SCEC Award Number 20199 View PDF
Proposal Category Collaborative Proposal (Integration and Theory)
Proposal Title Modeling the Rupture Dynamics of Strong Ground Acceleration (>1g) in Fault Stepovers
Investigator(s)
Name Organization
Julian Lozos California State University, Northridge Sinan Akciz California State University, Fullerton
Other Participants
SCEC Priorities 4a, 4c, 4d SCEC Groups FARM, GM, CS
Report Due Date 03/15/2021 Date Report Submitted 03/15/2024
Project Abstract
Following the 2019 Ridgecrest earthquakes, field investigators noted that pebble- to boulder-sized rocks had been displaced from their place in the desert pavement. This implies localized ground motions above 1 g, contrasting the instrumental maximum of ~0.5 g. These rocks are concentrated within an extensional stepover within the M7.1 rupture. Similar rock displacement occurred in a stepover in the 2010 M7.2 El Mayor-Cucapah earthquake. This suggests that some aspect of how earthquake rupture negotiates a strike-slip fault stepover produces extremely localized strong ground acceleration. We use the 3D finite element method to investigate how rupture through strike-slip stepovers influences strong ground acceleration. For subshear ruptures, the presence of a stepover in general matters more than its dimensions; the strongest ground acceleration always occurs at the end of the first fault. For supershear ruptures, the stepover is effectively irrelevant, since the strongest particle acceleration occurs at the point of the supershear transition on the first fault. Our subshear and supershear ruptures both produce particle acceleration above 1 g, but over a region so close to the fault (< 1 km) that a seismic network may not catch it. We suggest that the physics of rupture through a stepover may be responsible for the displaced rocks in the Ridgecrest and El Mayor-Cucapah earthquakes, and that stepovers may have particularly high ground motion hazard. Ground motion predictions and local hazard assessments should therefore account for much stronger shaking in the immediate near field of active faults, especially around geometrical discontinuities.
Intellectual Merit Seismic hazard is quantified in terms of ground acceleration.
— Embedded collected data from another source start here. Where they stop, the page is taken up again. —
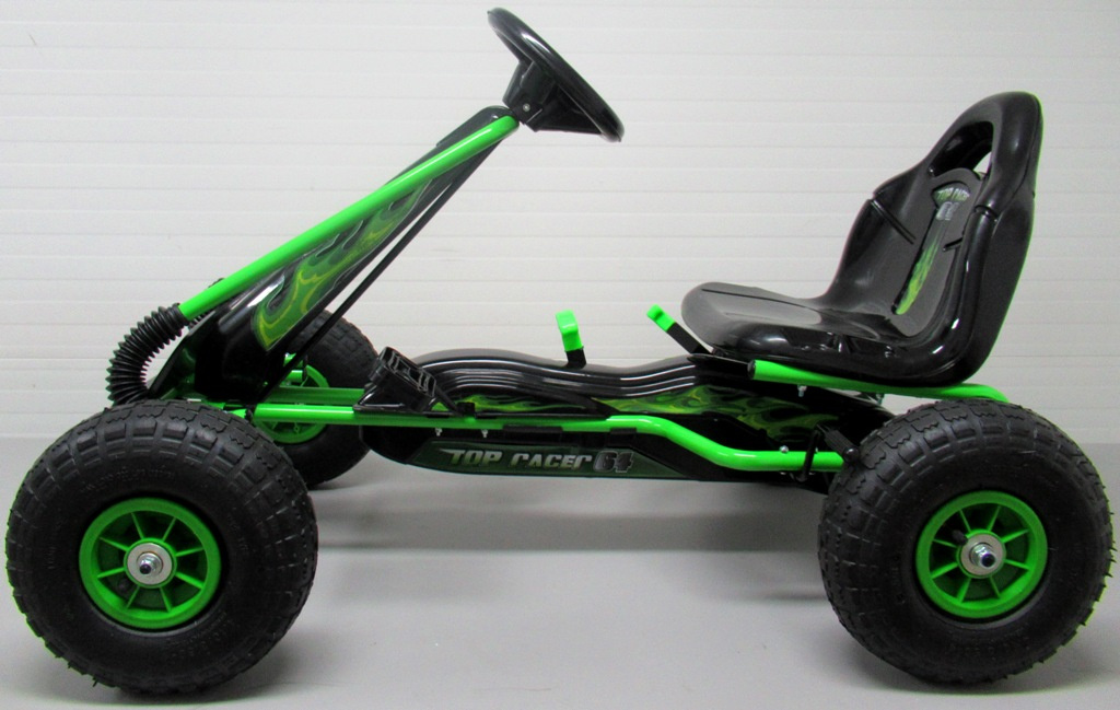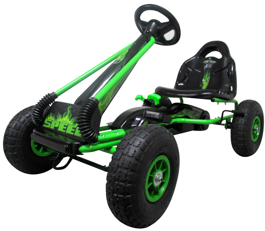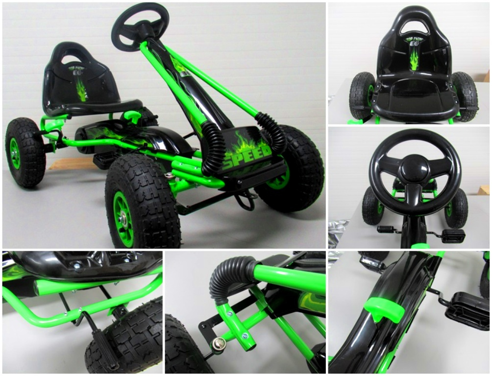 - Széles felfújható kerekek, amelyek tökéletes stabilitást biztosítanak a pedálos járműnek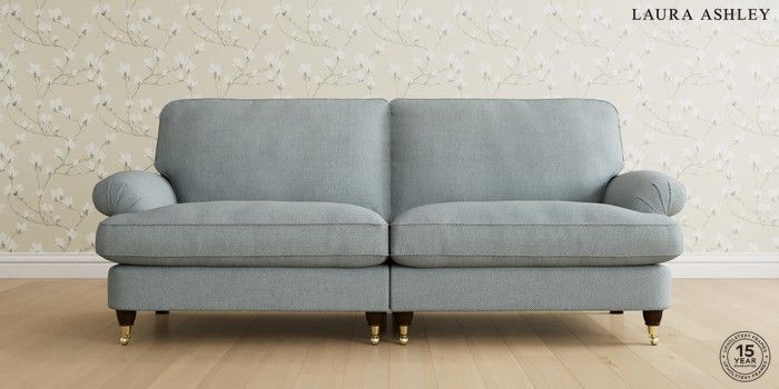 6.12.1 Buy Beaumaris by Laura Ashley 4 Seater Sofa Anneliese Seaspray Blue Low Brass Castor - Chestnut from the Next UK online shop Click here to use our accessible website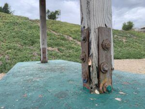 Palapas a punto de caerse por el deterioro de la madera y que podrían provocar un accidente, y juegos recreativos infantiles oxidados y con hoyos, son algunos peligros que se perciben a simple vista en el Parque Metropolitano.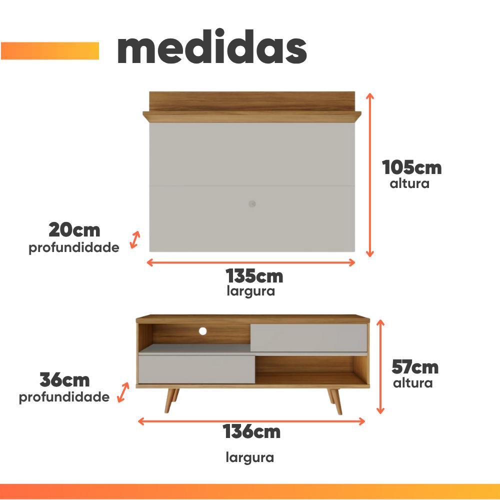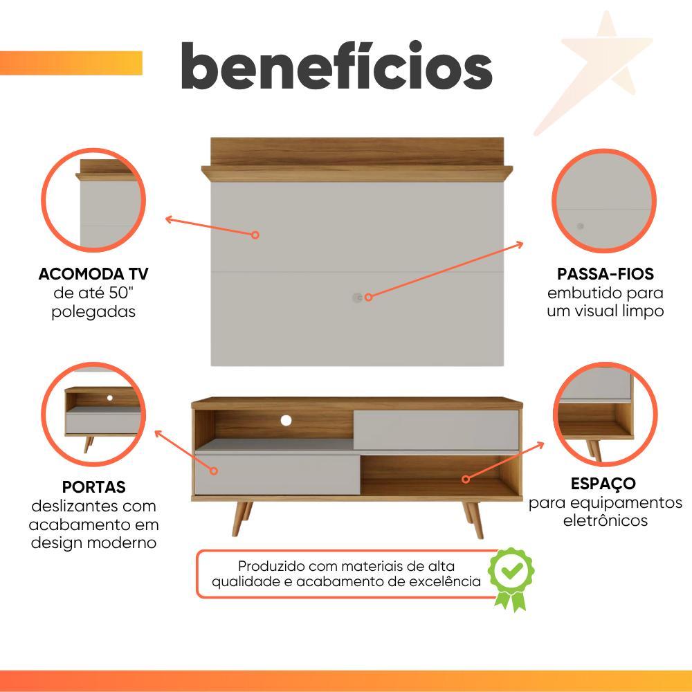 Bancada Retrô com Painel para TV de até 50 Polegadas Notável Off White / Freijó Trend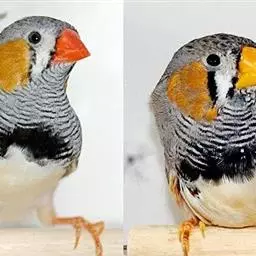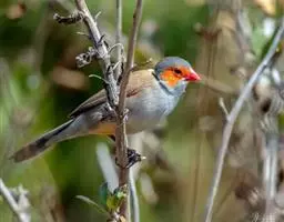 橙颊梅花雀体长约10厘米,头部灰色,两侧有大块橙色区域,嘴基及眼下方有黑纹,两条黑纹间呈白色,…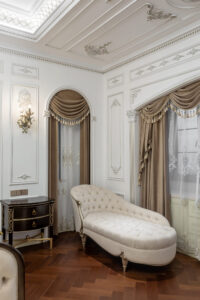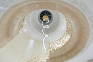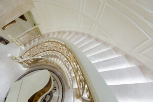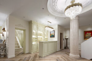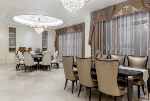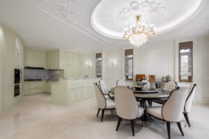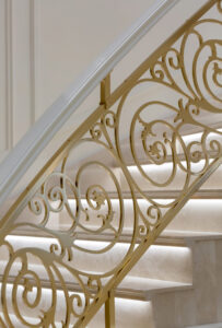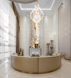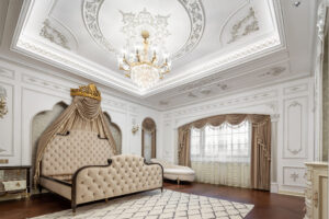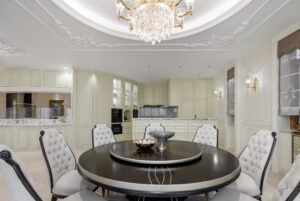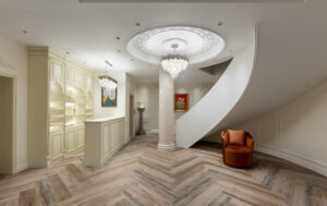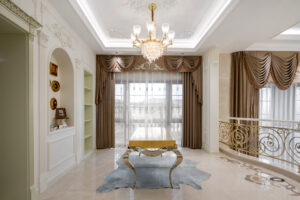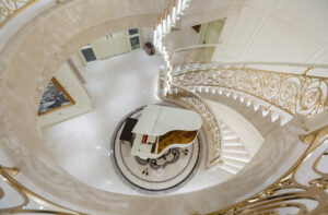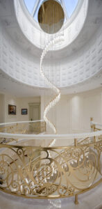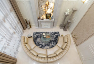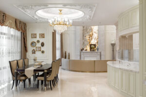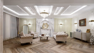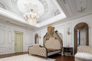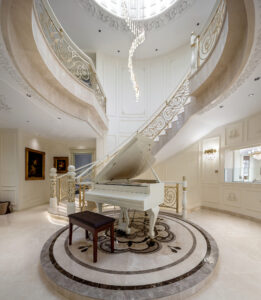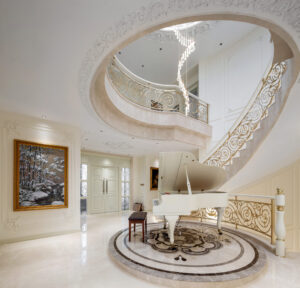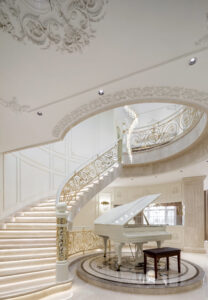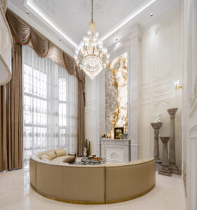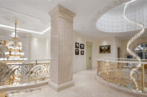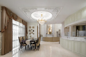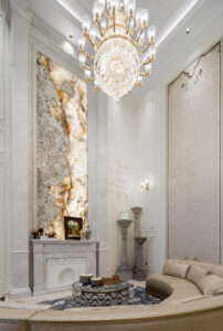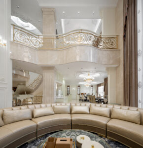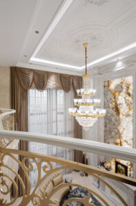 通过灯光的朦胧效果、精致的家具以及经典的装饰风格,每个细节都传递出尊贵与优雅。简洁的单杆旋转楼梯扶手吸引着年轻人的眼球,提供了无限的想象空间;而更为稳重的手扶栏杆款式则适合家庭使用,兼顾了安全与美观。 客厅的挑高设计成为无法忽视的亮点,巨型水晶吊灯、精美墙面和豪华家具共同构成了一幅震撼人心的视觉盛宴,彰显出空间的广阔与气派。复式结构强化了这种宏大的艺术表现力。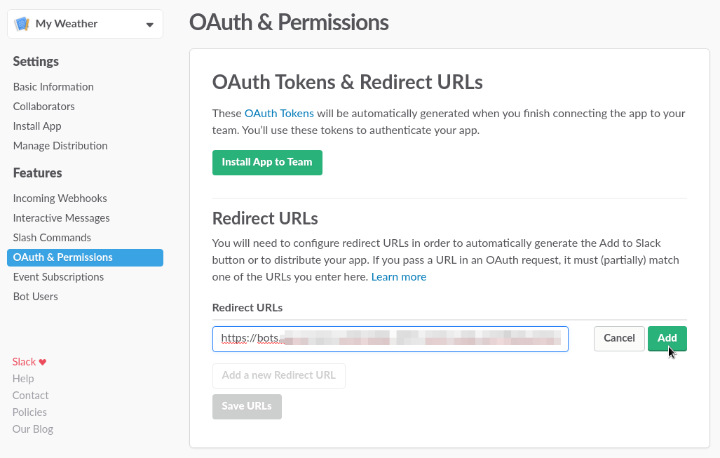 Añadir tu bot de Slack a un equipo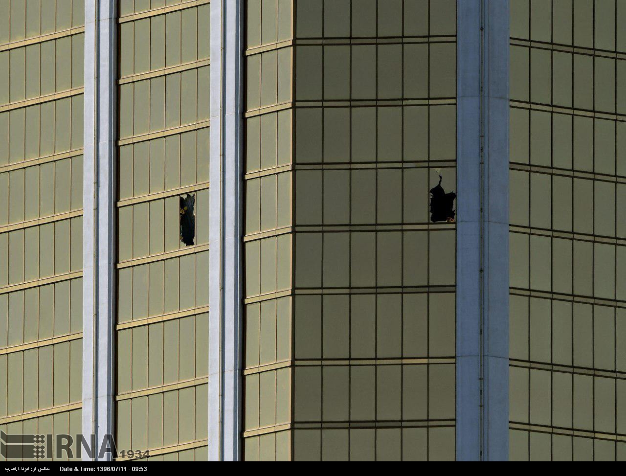 لاس و گاس – آمریکا / پنجره های آسیب دیده طبقه ۳۲ هتل «مندلی بی» ؛ محلی که مهاجم به سوی مردم آتش گشود.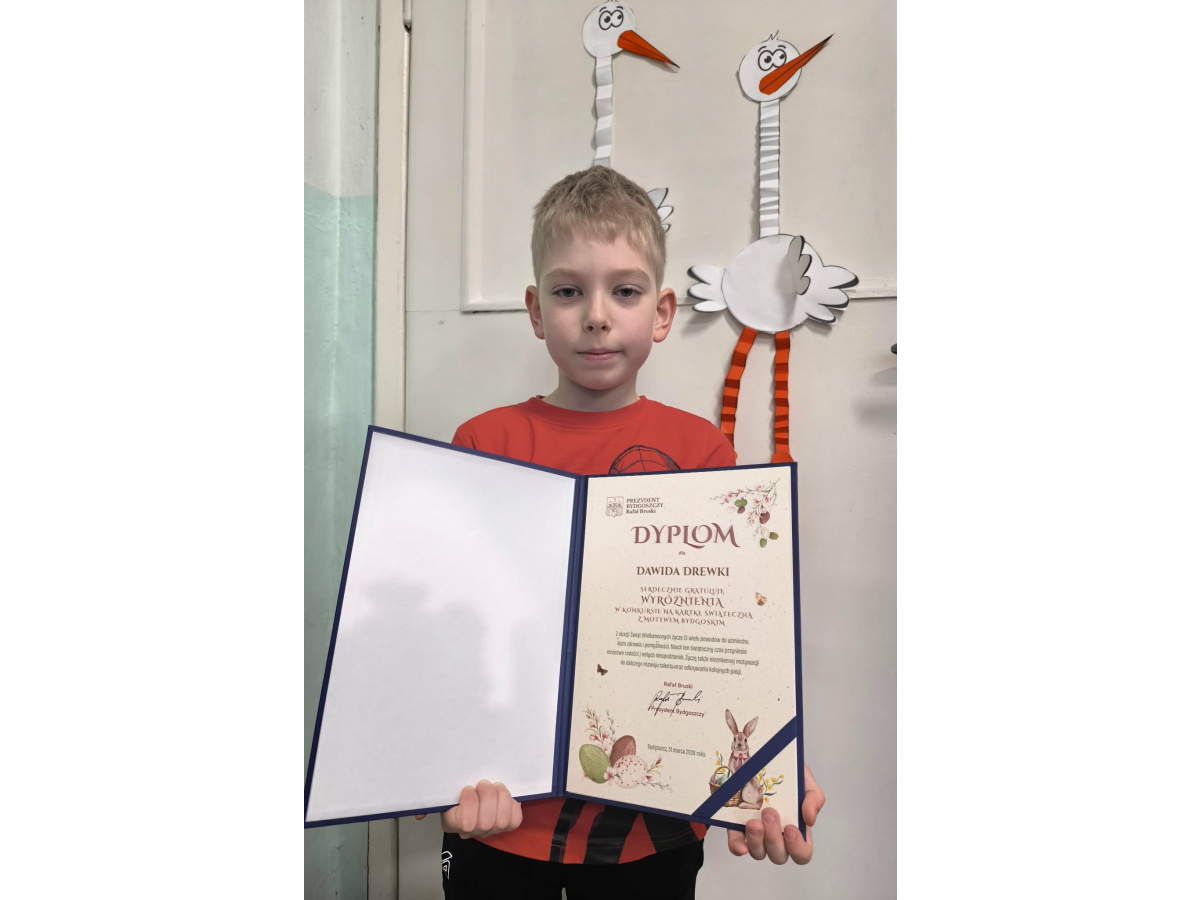 Dawid Drewka, uczeń klasy 1a, zdobył wyróżnienie w konkursie na świąteczną kartkę z motywem Bydgoszczy. Spośród ponad 350 prac nadesłanych z 38 bydgoskich szkół, jego praca została doceniona przez komisję konkursową i znalazła się w gronie 10 wyróżnionych.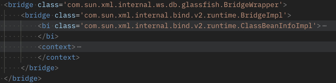 对照POC,我们看到这里的jaxbObject是上章用到过的JdbcRowSetImpl类,它的详细构造我们等下来看。这里,我们先保持思路跟进封装了一系列序列化操作的bridge,此处为com.sun.xml.internal.ws.db.glassfish.BridgeWrapper的com.sun.xml.internal.bind.v2.runtime.BridgeImpl类: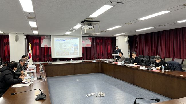 창동역 동측 거리가게 환경개선사업 특별전담팀이 1차 회의에서 앞으로의 추진사항 등에 대해 논의하고 있다(2025. 2. 21. 도봉구청 10층 간송홀)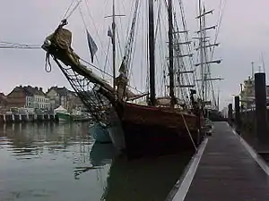 The Johanna Lucretia is a British tall ship and is an oak wooden two masted topsail schooner built at the Rhoos Shipyard, Ghent in Belgium in 1945. The Johanna Lucretia measures 96 ft (28.65m) in length, her beam is 18 ft (5.50m), her draught is 8 ft (2.45m) and she has a total sail area of 380 m2.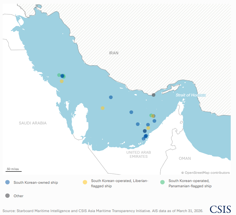 CSIS는 호르무즈 해협에 고립된 26척의 한국 소유 또는 운영 선박 중 23척을 식별했습니다. 이 선대의 구성은 한국 무역 노출의 전 범위를 ...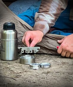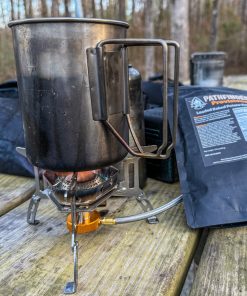 The Pathfinder French Press is a bushcrafter’s dream. It holds up to 48 ounces so you can make plenty of coffee for yourself and your family or friends. You can also use it as a stand-alone kit to pack light without sacrificing great coffee.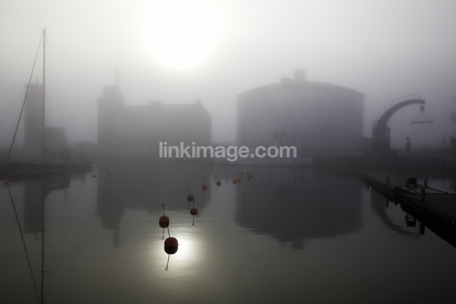 visby, gotland, port, water, silos, marina, båtboj, fog, weather, faucet, fishing boat, mystery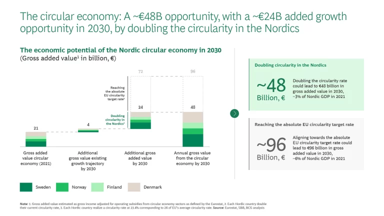 Today, 6% of the Nordic region’s economy is circular—meaning that ~6% of resources used for production come from recovered materials. By comparison, the EU average is at ~12% circularity, with an ambition to double the rate by 2030. Reaching this ambition in the Nordics could unlock an annual ~€48 billion economic opportunity by 2030, similar to 3% of the Nordic region’s GDP in 2021.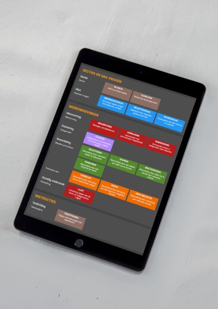 Door deze werkomgevingen slim met elkaar te combineren, bouw je een krachtige en stapsgewijze aanpak voor besluitvorming. Zo kan een idee dat eerst in een brainstorm ontstaat, via clustering en beoordeling leiden tot een concrete keuze en uiteindelijk uitgewerkt worden in een lijst.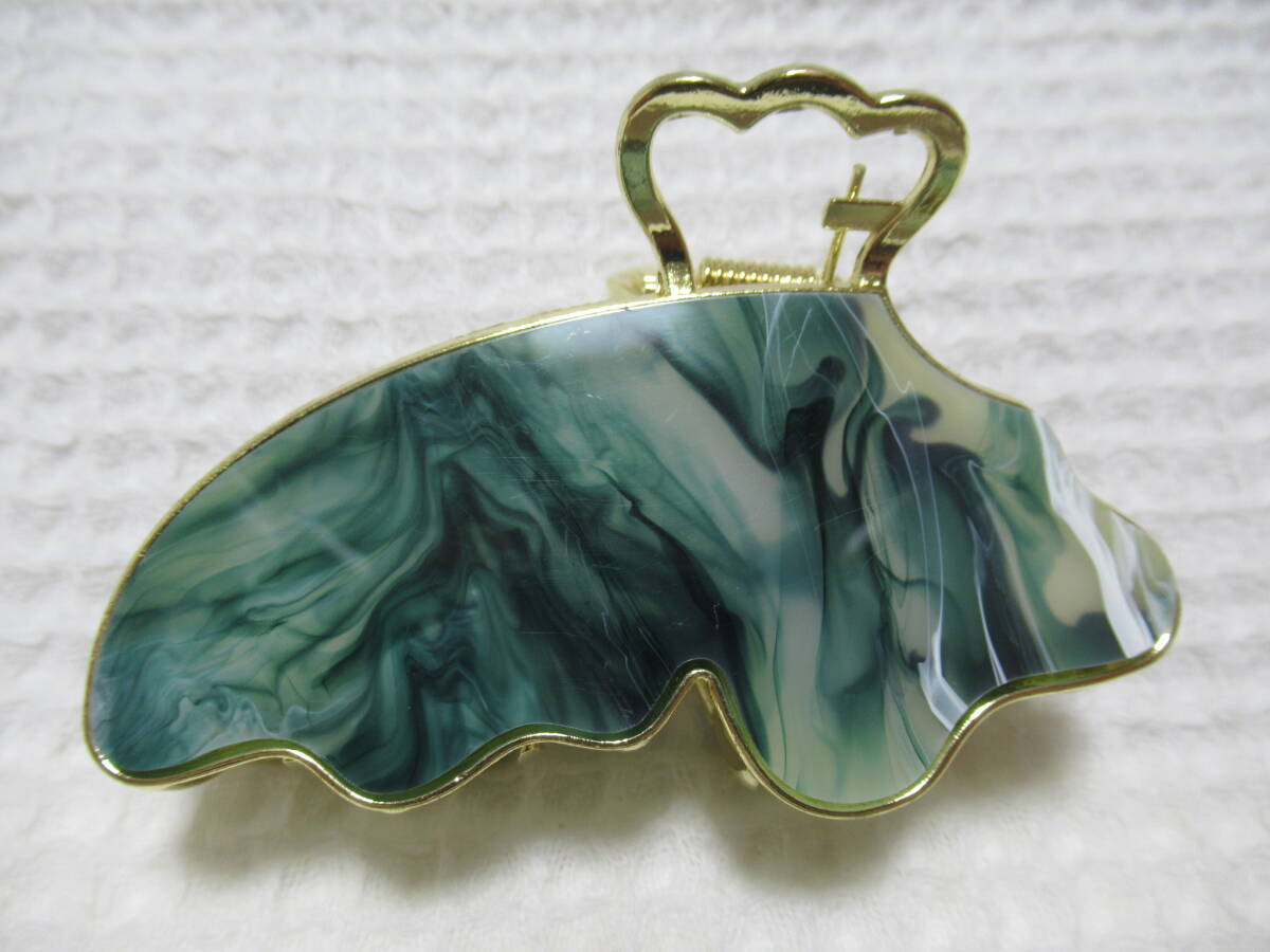 アクリル系付き ゴールドメタル蝶型バンスクリップ  グリーン・ホワイト系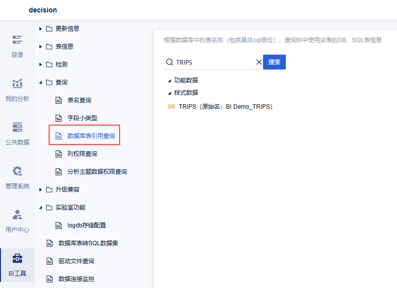 根据数据库中的表名称(包括具体sql语句),查询BI中使用该表的DB、SQL表信息。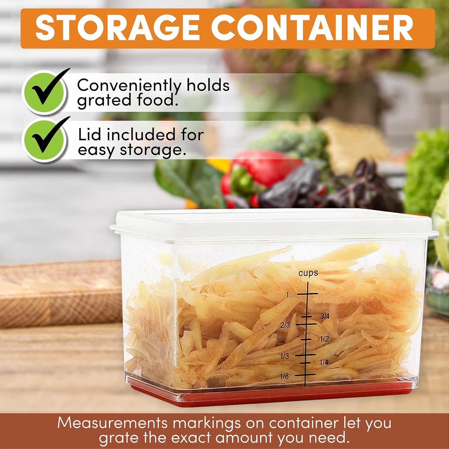 - Included Storage Container With Lid: The included storage box lets you grate directly into the container and store it with the lid. The container also has measurement markings on the side so you can get the perfect amount.

This study can deepen our understanding of what physical conditions generate high accelerations, what may cause them to localize around fault stepovers, and what pattern of strong shaking occurs within that local zone.

This study will also introduce displaced rocks like the ones associated with the Ridgecrest and El Mayor-Cucapah earthquakes as a form of quantifiable fragile geologic feature. Classic precariously balanced rocks have been used as constraints on model ground motions before, but smaller and subtler features like these displaced rocks have not previously been used in this way. We also hope that this study may inspire others to consider how to use more unorthodox fragile geologic feature data (or other unusual datasets) to quantify and constrain ground motion from historic or modeled earthquakes.
Broader Impacts From an educational standpoint, this project has introduced CSUN undergraduate student Holland Ladage to the concepts and process of dynamic rupture modeling, as well as to the SCEC community. She ran about half of the models herself, and has been very actively engaged in interpretation as well. She also presented our preliminary work at the 2020 SCEC meeting.

From a societal standpoint, this work will help quantify how complex fault geometries affect strong ground motion. This in turn may help refine seismic hazard maps around stepovers in strike-slip faults. While this is very pertinent in southern California (the cities of San Jacinto and Hemet lie within a major stepover on the San Jacinto Fault, and the city of Lake Elsinore contains a stepover on the Elsinore Fault), these results will have applications to anywhere with discontinuous strike-slip faults.
Exemplary Figure Figure 2 is most representative, since it shows ground motion values across our geometrical parameter space.
Caption: Peak horizontal and vertical particle accelerations (G) for all of our simulations. Note the breaks in the Y-axis. Also note that we had to use Y-axis increments of only 0.02 G to show what little variation there was between these models.